RUSYA VE UKRAYNA DEĞERLENDİRMESİ
Diyalog ve tartışma vurgusu yapan Şentop, “Tarih bize göstermiştir ancak bugüne dek çatışmalarla, katliamlarla, savaşlarla hiçbir şey elde edilememiştir. Hiçbir sorun çözülememiştir. İşte bütün sorunlar önümüzde, bu sorunlar üzerinden birçok savaşlar geçmiştir lakin hala çözülebilmiş değil. Barıştırma içerisinde yaşamak için müzakere ve diyalog aracılığıyla sorunları ele almalıyız. İnşallah Ukrayna, Rusya arasındaki şu anki kriz barışçıl yollar tartışma ve diyalogla çözülür. Yoksa bölgemiz ayrıca iki ülke ayrıca de etraftaki ülkeler için de bunun şanslı sonuçları olmaz” diye konuştu.
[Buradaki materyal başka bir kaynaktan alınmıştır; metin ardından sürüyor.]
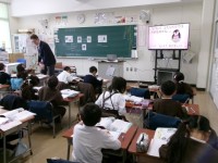 特別に、いつもとちがう先生が道徳の授業をしています。いつも以上に頑張っていました...

“HALKIN İÇİNE İNDİĞİNİZDE KUTUPLAŞMA YOK”
Türkiye’nin daha da büyümesi için çalıştıklarını vurgulayan Şentop, “Bazen bana gazetecilerle görüşmelerimde ve televizyon programlarında ‘Türkiye’de bir kutuplaşma var’ diyorlar. Ben de kutuplaşmanın aslında siyasetçiler aralarında olduğunu söylüyorum. Siyasetçileri dinlediğinizde, peşine düşüp takip ettiğinizde gerçekte bir kutuplaşma varmış gibi gözüküyor. Fakat halkın içine indiğinizde kutuplaşma değil. Farklı görüşlerden halk bir arada, birbirlerine hürmet içinde yaşıyor. Gerçekte önceden de böyleydi lakin biraz yukarıya çıktığınızda orada suni bir kutuplaşma oluşuyor, oluşturuluyor. Türkiye uygulamalarda bunları büyük ölçüde aştı. Siyasi görüşlerimiz, fikirlerimiz farklı olabilir lakin benzer ülkede yaşıyoruz. Hepimiz Türkiye’nin daha da büyümesi, güçlenmesi insanımızın daha müreffeh olması için çalışıyoruz. Siyasi tartışmaları birbirimizi itip kakmak, hakaret etmek için bir zemin şeklinde görmemeliyiz” ifadelerini kullandı.